Every event gets a ULID (a time-sortable unique ID) automatically — no need to generate one yourself.


2 — Redact private information before logging

from llm_toolkit_schema.redact import Redactable, RedactionPolicy, Sensitivity

policy = RedactionPolicy(min_sensitivity=Sensitivity.PII, redacted_by="policy:gdpr-v1")

# Wrap any string that might contain PII
prompt = Redactable("Call me at 555-867-5309", sensitivity=Sensitivity.PII)

result = policy.apply({"prompt": prompt})
# result["prompt"] → "[REDACTED by policy:gdpr-v1]"

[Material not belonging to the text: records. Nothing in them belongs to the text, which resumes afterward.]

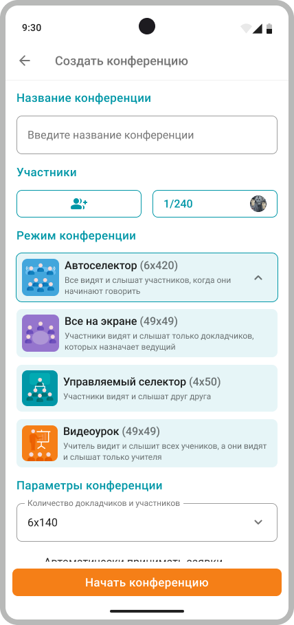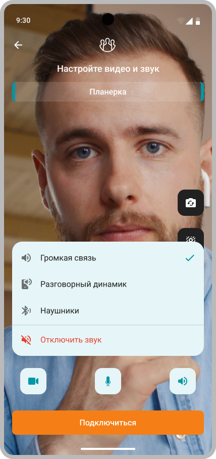При подключении к конференции пользователя теперь встречает специальный экран предварительной настройки звука и видео.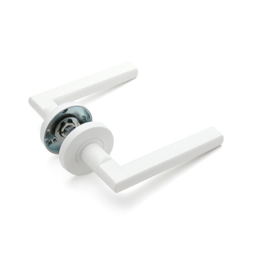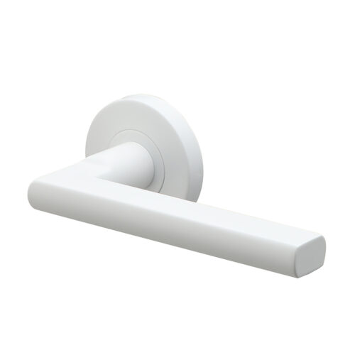 Deurkruk Stella rond 20mm haaks op rozet mat wit PVD gecoat voor binnendeuren
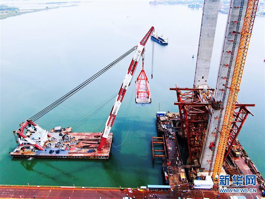 这是5月29日拍摄的广东湛江调顺跨海大桥施工现场(无人机照片)。 新华社记者 卢烨 摄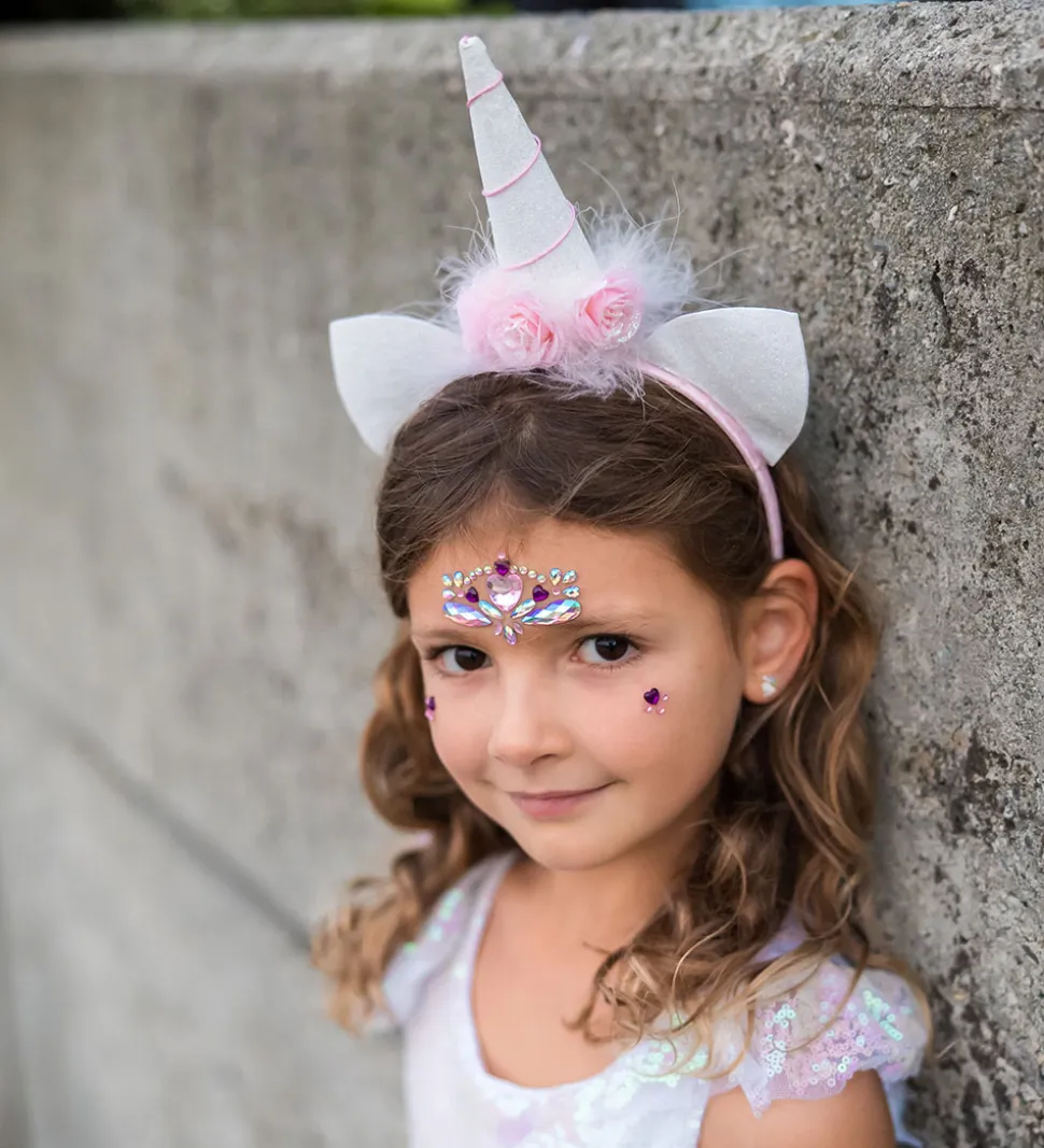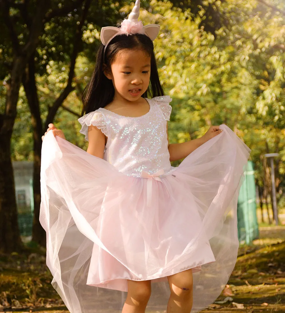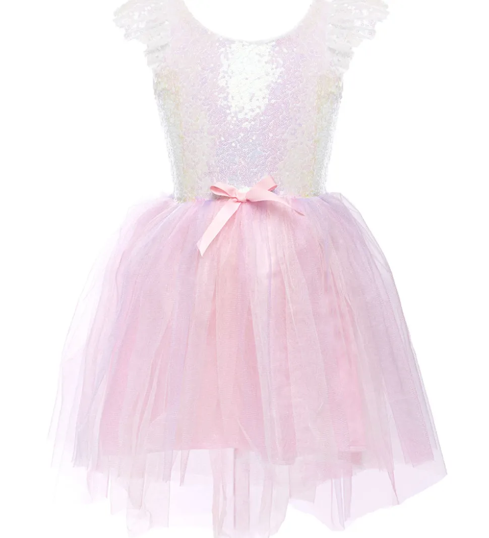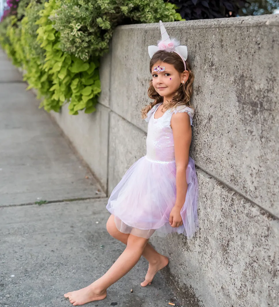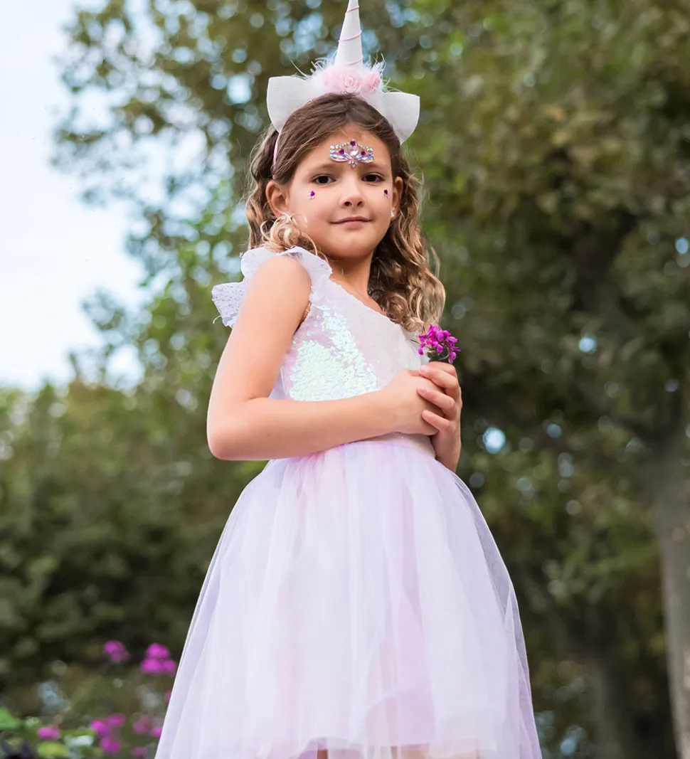 Flot Great Pretenders udklædning bestående af en kjole i hvid, med hvide palietter på toppen fortil og et skørt i rosa of lilla mesh, og flæser i rosa mesh i skuldrene og under halsen. Der medfølger en flot hårbøjle i hvid, med søde ører og et enhjørningehorn i hvid og rosa med flotte blomster i rosa, grøn og med glimmerdetaljer.

Redactable is a string wrapper. You mark fields as sensitive at the point where they're created; the policy decides what to remove before the event is written to any log.


3 — Sign events for tamper-proof audit trails

from llm_toolkit_schema.signing import sign_event, verify_chain, AuditStream

# Sign a single event
signed = sign_event(event, org_secret="my-org-secret")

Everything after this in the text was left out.